Most "should we move to Azure?" conversations in the SME / lower-mid-market space happen without proper discovery. The recommendation is made on vibes — usually a senior engineer reacting to a bad incident, or a sales conversation driven by Microsoft licensing pressure. This document is the framework I use to scope properly before producing a recommendation.

Context for this document: Most "should we move to Azure?" conversations in the SME / lower-mid-market space happen without proper discovery. The recommendation is made on vibes — usually a senior engineer reacting to a bad incident, or a sales conversation driven by Microsoft licensing pressure. This document is the framework I use to scope properly before producing a recommendation.

Why this matters: A migration proposal without discovery data is a vibes document. It gets shredded by anyone competent on the customer side. More importantly, it produces bad migrations — wrong sizing, missed dependencies, broken applications, over- or under-provisioned cost. Discovery is not bureaucracy. It's the difference between engineering and guessing.

Scope of this framework: Small-to-mid SME with on-premise estate of 3–10 servers, single-site or hub-and-spoke, considering Azure IaaS, AVD, or hybrid as alternatives to status quo. Not enterprise-scale.

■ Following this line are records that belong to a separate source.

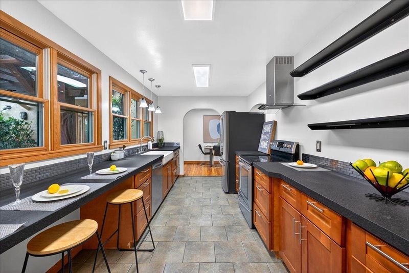 - 220 Volt Outlet, Countertop - Granite, Exhaust Fan, Garbage Disposal, Hood Over Range, Oven Range
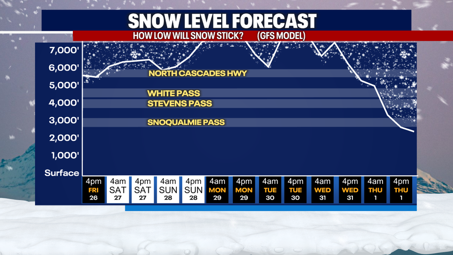 Snow levels will be high over the next several days, well above the passes. Mild wet weather will bring a potential for significant snow melt and rising rivers into early next week. We will be watching the river levels closely.
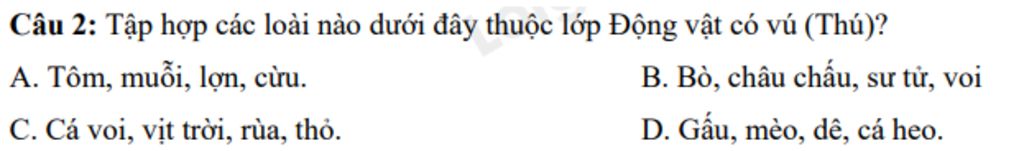 `@`Các loài thuộc lớp Động vật có vú (Thú):
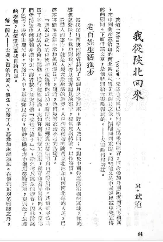 当初他被国民党选进“中外记者西北参观团”的时候,国民党本意是想掺沙子,自己聘的顾问,那肯定得替自己说话,怎么埋汰中共怎么写,结果没承想这个武道竟然没按套路出牌,至于他写了什么,看看下面这张照片就知道了。
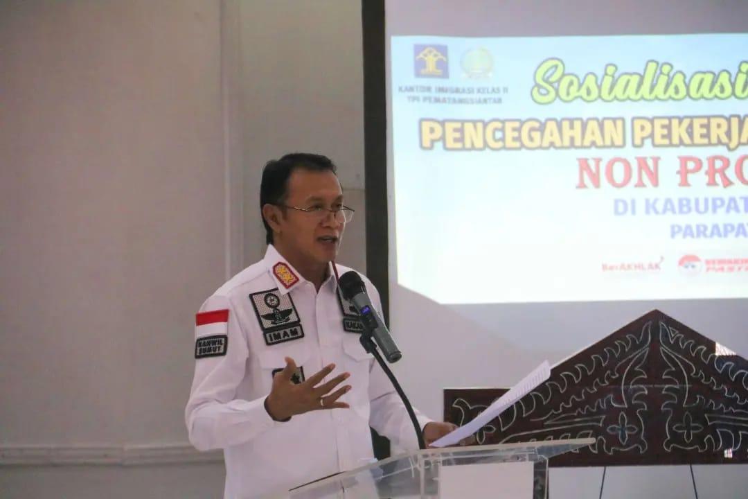 Kegiatan Sosialisasi yang diselenggarakan oleh Kantor Imigrasi Kelas II TPI Pematang Siantar ini mendatangkan narasumber Kepala Dinas Ketenagakerjaan Kabupaten Simalungun dan Badan Perlindungan Pekerja Migran Indonesia (BP2MI) Provinsi Sumut.

Not greenfield.

Phase 1 — Define the question before answering it

Before pulling any data, establish:

What problem is migration meant to solve?
- End-of-life hardware that needs replacing?
- Recurring incidents indicating the on-prem stack is fragile?
- Compliance or security driver (Cyber Essentials, ISO 27001, sector-specific)?
- International user experience (latency to a UK-hosted estate)?
- Microsoft licensing change forcing a re-evaluation (e.g. RDS CAL gaps, M365 entitlements)?
- Customer-driven business change (acquisition, growth, hybrid working)?
What does "success" look like?
- Quantifiable: "reduce sev-1 incidents by 50%" or "deliver <100ms RDP latency to EU users"
- Qualitative: "modernise the stack so the team can hire skills"
- Financial: "shift from CapEx replacement cycle to predictable OpEx"
What's the budget reality?
- Three-year TCO comparison, not month-one cost
- Procurement model the customer can actually use (CSP, EA, on-prem refresh, leased)
- Realistic spend ceiling — "we can find £500/month but not £5000/month"

If you can't answer these, you're not ready to recommend anything. Go back to the customer.

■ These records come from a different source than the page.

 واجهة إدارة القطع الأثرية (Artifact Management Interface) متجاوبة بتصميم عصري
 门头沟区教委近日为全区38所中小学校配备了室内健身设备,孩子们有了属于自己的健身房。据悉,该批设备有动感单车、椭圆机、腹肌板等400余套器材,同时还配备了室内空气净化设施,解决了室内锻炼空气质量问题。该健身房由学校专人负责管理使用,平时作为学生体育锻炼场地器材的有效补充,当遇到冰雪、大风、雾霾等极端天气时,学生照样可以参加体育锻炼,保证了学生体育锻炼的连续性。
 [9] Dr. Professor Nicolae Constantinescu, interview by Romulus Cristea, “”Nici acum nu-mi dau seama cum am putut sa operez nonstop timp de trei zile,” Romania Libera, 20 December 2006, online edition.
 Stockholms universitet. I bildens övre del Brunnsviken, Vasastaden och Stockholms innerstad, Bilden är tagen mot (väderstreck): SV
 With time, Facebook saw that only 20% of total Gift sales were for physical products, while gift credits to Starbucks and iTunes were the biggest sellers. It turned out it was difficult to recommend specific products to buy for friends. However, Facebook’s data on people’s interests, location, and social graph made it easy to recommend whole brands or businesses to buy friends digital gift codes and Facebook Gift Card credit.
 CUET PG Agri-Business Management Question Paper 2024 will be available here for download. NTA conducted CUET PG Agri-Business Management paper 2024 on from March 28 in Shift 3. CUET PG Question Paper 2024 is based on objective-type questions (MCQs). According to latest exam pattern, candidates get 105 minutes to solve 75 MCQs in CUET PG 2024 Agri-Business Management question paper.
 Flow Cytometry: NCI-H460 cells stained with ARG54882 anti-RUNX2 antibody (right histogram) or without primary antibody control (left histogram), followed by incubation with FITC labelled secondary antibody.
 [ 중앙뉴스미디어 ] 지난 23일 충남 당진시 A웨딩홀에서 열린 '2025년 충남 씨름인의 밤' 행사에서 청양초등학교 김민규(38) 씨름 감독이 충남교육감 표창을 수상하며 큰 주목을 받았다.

Phase 2 — Estate inventory

Per-server data collection

For each server in scope:

Data point	Source	Why it matters
OS version + patch level	`systeminfo`, RMM	Determines lift-and-shift eligibility (older OSes may need rebuild in Azure)
OS support status + EOL date	Vendor lifecycle pages	Server 2012 R2 = ESU only. Server 2016 = mainstream ended, extended to Jan 2027. Server 2019/2022 = supported. Drives urgency.
Installed roles & features	`Get-WindowsFeature`	Identifies what the server actually does. Often surprises.
CPU & RAM provisioned vs actual usage	Perfmon, RMM metrics, 30+ days	Right-sizing data. On-prem boxes are routinely over-provisioned 3-5×.
Disk: provisioned, used, growth rate	`Get-Volume`, RMM, monitoring history	Storage costing for IaaS; profile container sizing for AVD
Applications installed	`Get-WmiObject Win32_Product` (slow), RMM software inventory	Application dependency mapping
Application vendor support stance on Azure	Vendor docs / sales	Some legacy apps explicitly do not support cloud hosting. This is a kill-switch for parts of the migration.
Backup state	Backup vendor console	Last successful backup, retention, restore test history, off-site copy
Patching state	RMM / WSUS	Identifies servers being neglected — usually the ones nobody wants to touch
Network dependencies	netstat, conn tracking, firewall logs	Who talks to whom on what ports. Critical for Azure NSG / firewall design.

Identity inventory

AD forest/domain functional level
FSMO role holders (and the single point of failure they represent)
GPO count and complexity (Get-GPO -All | Measure-Object)
AAD Connect already deployed? Sync scope? Health?
User count, mailbox count, group complexity
Service accounts and what they run — often the biggest hidden migration risk
Authentication patterns (NTLM v1 in use? Kerberos delegation? Modern auth?)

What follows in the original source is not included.